Hammond Police Credit “Blue Net” License Plate Readers with Two Recent Arrests

“If you come to Hammond and commit crime, you WILL be caught” Hammond Police spokesperson Lt. Steven Kellogg


license plate reader
Source: Wikimedia

September 14, 2018-Hammond Police are crediting the “blue net” license plate reader system with two recent arrests for auto theft.  According to a statement from Lt. Steven Kellogg of the Hammond Police Department, police recovered two stolen vehicles and made two arrests in just 4 days as a result of the controversial system.  “On September 5th at approximately 2:45 a.m.  Officer Anderson received an alert from the LPR system on a reported stolen vehicle from Illinois. The vehicle was described as a silver Chevrolet Equinox. The LPR system indicated that the vehicle was moving east on 165th St from State line Ave.”  Msgt Kizziah located and attempted to stop the vehicle according to Lt Kellogg.  The driver sped up and Officer Anderson deployed a tire deflation device.  The suspect ran over the tire deflation device and continued into Gary where he crashed into a fence according to Lt. Kellogg.  The suspect fled on foot and was apprehended with the assistance of Lake Station Officer D. Wright and his K9 partner Dax.  The suspect was arrested and charged with auto theft and resisting arrest.

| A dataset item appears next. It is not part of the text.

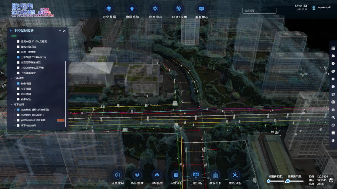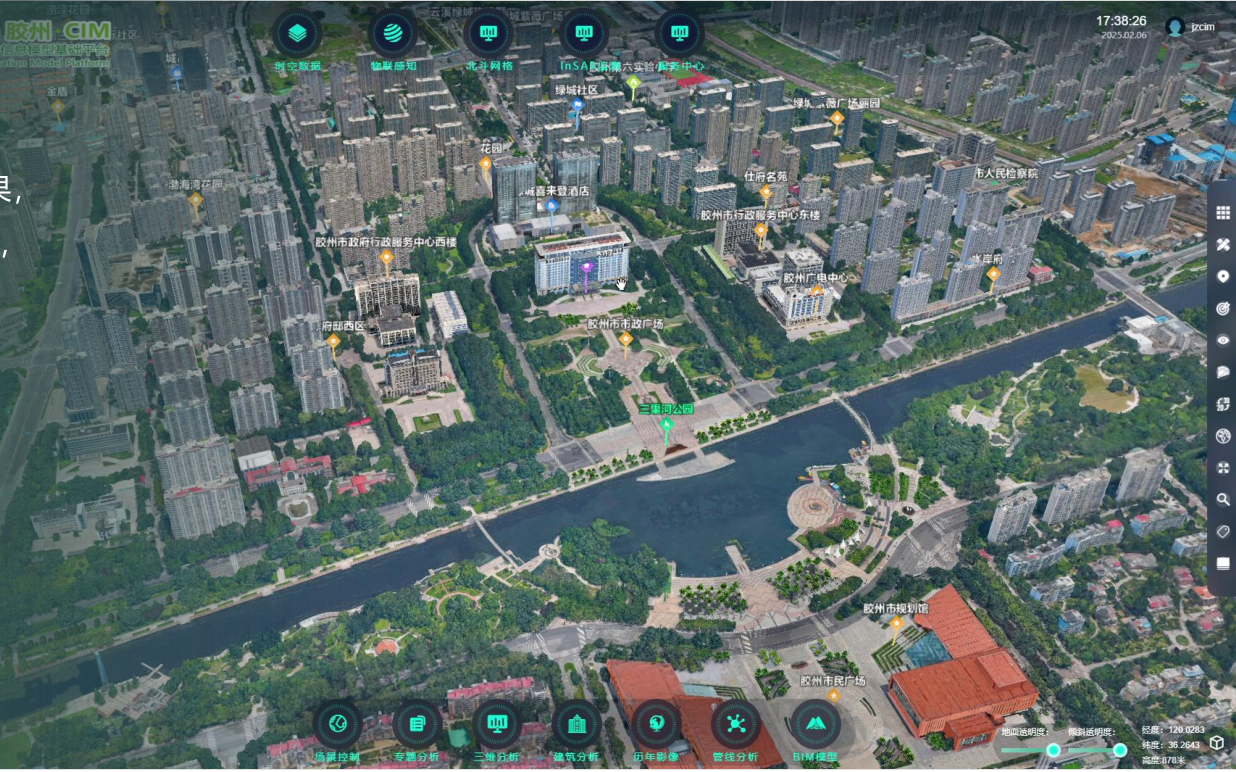 胶州市CIM平台以“筑基”为首要任务,汇聚融合了全市域范围内的时空信息、建筑BIM模型、基础设施、城市运行等多源异构数据,摸清了城市的“骨骼肌理”,为“数字胶州”提供了唯一、权威、精准的数字空间底座。这一“数字底座”实现了从地面到地下、从历史到未来、从陆地到水域、从静态到动态的城市全貌精细化呈现,在数字世界为胶州打造了一个实时、鲜活、可交互的“孪生体”,使跨层级、跨地域、跨系统的数据共享与业务协同成为可能。平台以数字住建为支点,全面服务数字城市建设,为胶州城市管理、应急指挥、市政运维等提供统一数字支撑。

On September 9, 2018, Hammond Police again were alerted to a stolen vehicle by the blue net system.  At approximately 11:34 a.m., Officer Chorba of the Hammond Police Department located a stolen black 2017 Jeep Grand Cherokee entering Hammond from Illinois.  “The vehicle was occupied and confirmed stolen from Texas.  The vehicle exited the business and Ofc. Chorba attempted to stop the stolen vehicle. Ofc. Chorba gave the driver commands. The driver disregarded commands and accelerated quickly through the intersection in an attempt to turn north onto Indianapolis Blvd. After running the red light, the Jeep was struck on the driver side by another vehicle. The driver exited from the front passenger side of the stolen Jeep and attempted to hide behind the vehicle. Ofc. Chorba was able to arrest the fleeing subject without incident. No one was injured during the accident. The suspect is being held on Auto Theft and Resisting Law Enforcement.”

Lt. Kellogg stated that the blue net license plate reader system has been a valuable tool in apprehending criminals in Hammond.  ” “This system has been instrumental in traffic enforcement, locating stolen vehicles, and helping to solve crimes like burglary and robbery in our city.”

Privacy advocates have voiced concerns over the collection and sharing of data collected by the license plate readers.  Hammond has contracted with Vigilant Systems of California for the system.  Digital privacy website Electronic Frontier Foundation points out that just 0.2% of the data collected is actually used for law enforcement purposes.  The collected data is owned by the Company and can be utilized with little oversight according to EFF.  “The companies then share the data not just with law enforcement but also with auto recovery (aka “repo”) companies, banks, credit reporting agencies, and insurance companies.  Data collected by private entities does not have retention limits and is not subject to sunshine laws, or any of the other safeguards that are sometimes found in the government sector” according to Electronic Frontier Foundation.